» Supplied data:
---

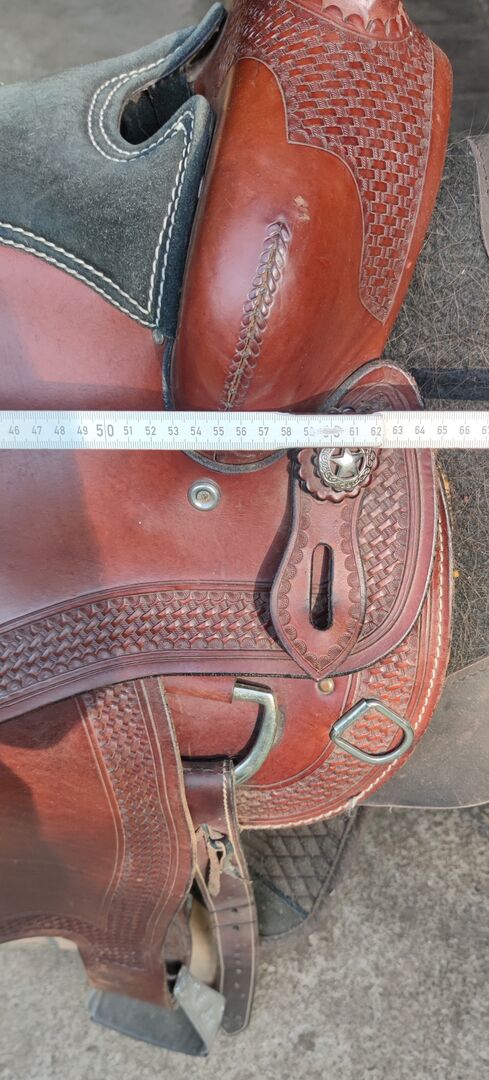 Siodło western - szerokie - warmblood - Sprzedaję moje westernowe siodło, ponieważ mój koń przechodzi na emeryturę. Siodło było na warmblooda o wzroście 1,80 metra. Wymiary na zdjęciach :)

---

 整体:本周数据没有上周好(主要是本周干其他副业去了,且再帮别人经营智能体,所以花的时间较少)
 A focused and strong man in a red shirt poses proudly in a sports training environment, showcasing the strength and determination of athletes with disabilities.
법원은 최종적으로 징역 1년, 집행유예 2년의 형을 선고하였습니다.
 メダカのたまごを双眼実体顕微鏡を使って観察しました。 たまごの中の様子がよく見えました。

---

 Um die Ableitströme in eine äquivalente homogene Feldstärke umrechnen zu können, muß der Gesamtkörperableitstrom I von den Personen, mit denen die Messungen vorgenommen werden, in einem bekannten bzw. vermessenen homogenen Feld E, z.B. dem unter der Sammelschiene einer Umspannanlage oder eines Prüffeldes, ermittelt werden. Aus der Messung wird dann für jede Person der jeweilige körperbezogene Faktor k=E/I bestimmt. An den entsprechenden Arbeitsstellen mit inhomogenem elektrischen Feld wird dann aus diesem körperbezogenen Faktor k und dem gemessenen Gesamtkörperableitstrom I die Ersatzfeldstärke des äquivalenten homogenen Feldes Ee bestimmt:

---

» Exercise objective:
Beginning with the line above that contains "整体:本周数据没有上周好(主", copy each line exactly up to and including the line that contains "メダカのたまごを双眼実体顕微", and go no further.

» Expected answer:
 整体:本周数据没有上周好(主要是本周干其他副业去了,且再帮别人经营智能体,所以花的时间较少)
 A focused and strong man in a red shirt poses proudly in a sports training environment, showcasing the strength and determination of athletes with disabilities.
법원은 최종적으로 징역 1년, 집행유예 2년의 형을 선고하였습니다.
 メダカのたまごを双眼実体顕微鏡を使って観察しました。 たまごの中の様子がよく見えました。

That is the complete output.